Earth First! and its controversial founder, Dave Foreman, are best known for ``monkey-wrenching,'' the practise of sabotaging bulldozers and other equipment associated with logging, power generation, and other things despised by hard-core environmentalists. The most dangerous form of monkey-wrenching (a term coined by the late Edward Abbey, author of ``Desert Solitaire'' and ``The Monkey Wrench Gang'') was the driving of metal spikes into trees selected for cutting. In the end, FBI informants caught Earth First! members in a conspiracy to monkey wrench several power plants, which resulted in plea-bargained prison terms for several of them.
``Coyotes and Town Dogs: Earth First! and the Environmental Movement'' is a fast-paced, fact-filled, and thorough history of that period. Like the self-styled ``buckaroos'' of Earth First!, Susan Zakin's writing is brilliant and irreverent, tough and funny, opinionated and sometimes outrageous.
But this is also a serious work, the most thorough and thoughtful survey of the American environmental movement I have seen. It puts Earth First! and the period of its major battles and internal struggles in the context of the broader American conservation movement.
An environmental writer whose articles have appeared in a range of publications from the New York Times to Mother Jones magazine, Zakin has gotten close enough to the major figures in the movement to paint detailed and fascinating pictures. Most of the well-known environmentalists (and a lot who aren't so well known) are here, warts and all.

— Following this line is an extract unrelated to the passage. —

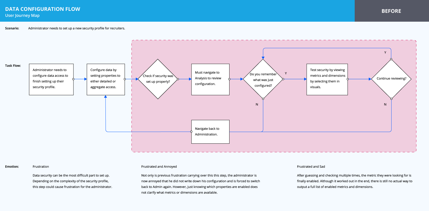 Doing a bit of research, I discovered that Visier's platform actually has a very accurate representation of what metrics and dimensions that are available depending on the data loaded, but does not output this information anywhere. With this information, I proposed a review workflow that assists administrators as they configure security.

Their opponents like to cast them as a powerful, well-organized bunch of ``preservationist'' zealots. There are zealots among them, but as Zakin shows, they are far from monolithic. There have been philosophical squabbles over relative influence for years. Only occasionally - as with the recent split among major groups over the North American Free Trade Agreement - does it burst into view.
The men and women of Earth First! liked to play up their ``redneck hippie'' image. They worked to distinguish themselves from their more elite (and in some cases effete) brethren in the movement. Zakin accurately portrays this, the genuine side of it as well as the calculated effort to show that the loggers and miners and cowboys they went up against didn't have a corner on machismo.
She also shows how the group led the way in emphasizing the importance of ``ecosystems'' and ``bioregions,'' concepts that have since entered the mainstream of environmental thinking and activism.
Zakin finds Foreman a fascinating character, which he is. As an Earth First! founder (and today as executive editor of an environmental journal called ``Wild Earth'') he sees himself ``involved in the most sacred crusade ever waged on earth.'' Zakin sometimes joins this hyperbole, as when she writes: ``Foreman's words gave purpose to a whole generation of college students.'' But with only a few such lapses she is clear-eyed enough to observe that Foreman ``also milked his hick horseshoer image for all it was worth.''
Some would say that with its willingness to engage in civil disobedience and sometimes sabotage, Earth First! did the environmental movement more harm than good. But a more accurate view may be that the group (which still operates in Foreman's absence) gave a needed kick in the pants to a worthy cause.
In either case, it's an important element in an important part of American history, and Susan Zakin has done an excellent job of telling the story.